# Creating a custom loss function for an image classification model where the label matters

I have the following dataset of images, where we can see the image distribution of labels below.

I want to construct a loss function that, on the one hand, outputs probabilities for a specific class and, on the other hand, rewards the model for being closer to the label.

For example, if my label is 20, and I predicted 19, then 19 is better than 18 or 22, but it is the same as 21.

At first, I trained a model where I made specific labels into a set of a smaller number of classes. For example, the confusion matrix shows which labels I put in which class.

Implementing it as an regression problem where the labels distribution is like that is not really atteinable.

Ultimately, I want to process, say, eight images in a row and add up all of the various projections.

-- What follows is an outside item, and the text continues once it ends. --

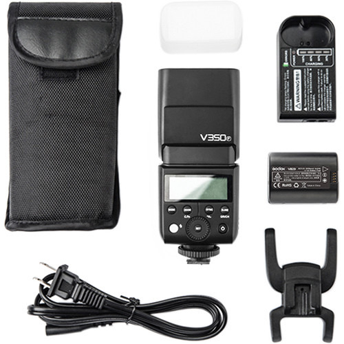 Накамерная вспышка V350F с литиево-ионным аккумулятором используется с фотокамерами FujiFilm и поддерживает протокол TTL.
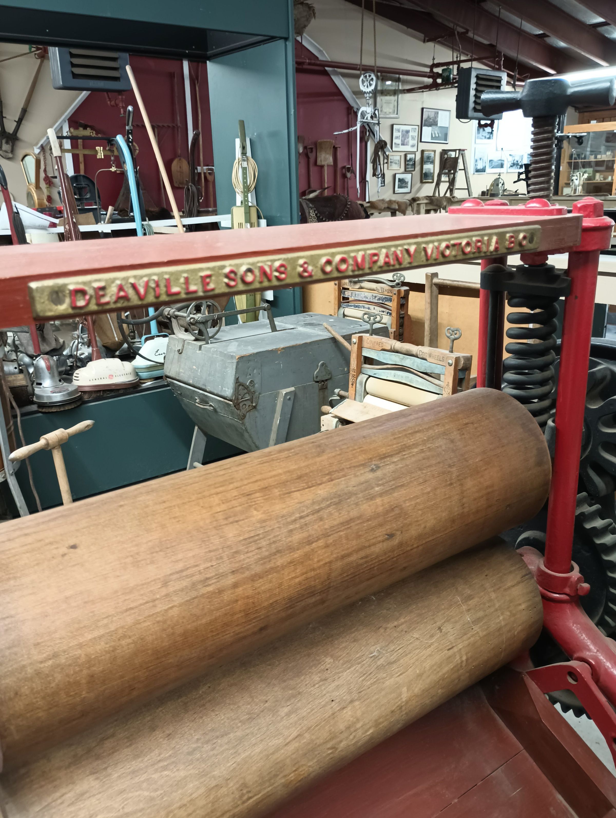 This mangle was used or sold by Deaville Sons and Company Victoria B.C. William Bailey Deaville immigrated from England in 1898 and established a grocery store on Hillside avenue, Victoria B.C. The business was sold in about 1917.

I care about the total prediction, thus I must figure out how to account for the higher labels.

1. Calculate softmax probabilities for each image's output predictions (using 30 classes) 2.⁠ Calculate the expected label value as a weighted sum of the possible label values, where the weights are the softmax probabilities.
2. Use the difference between the expected label value and the actual label as part of loss function. (using L1) with applying mean before returning the loss function

Another angle I thought about is to use a Weighted Cross-Entropy for the imbalanced with a distant based componenet

Any suggestions on how to insert into the cross-entropy loss function a regression angle?

[. I thought about using the expectation of the data and calculating

The image distribution

A way to take the ordering of the classes into account is to use the ranked probability score (RPS), a different choice of loss function for multi-class classification. It evaluates the predicted probabilities in the form of the cumulated distribution function they define over the classes. More precisely, for $$n$$ classes, predicted probabilities $$p_1, \ldots, p_n$$ and an observation $$y \in \{ 1, \ldots, n\}$$ we have $$\text{RPS}(p_1, \ldots, p_n, y) := \sum_{i=1}^{n} \left( \sum_{j=1}^{i} p_j -1_{i \succeq y} \right)^2.$$ So a prediction will be better if it puts more probability near the observation. For more details you can check out the answer to Performance Metrics for Classification Models with an Ordinal Response Variable on CrossValidated SE.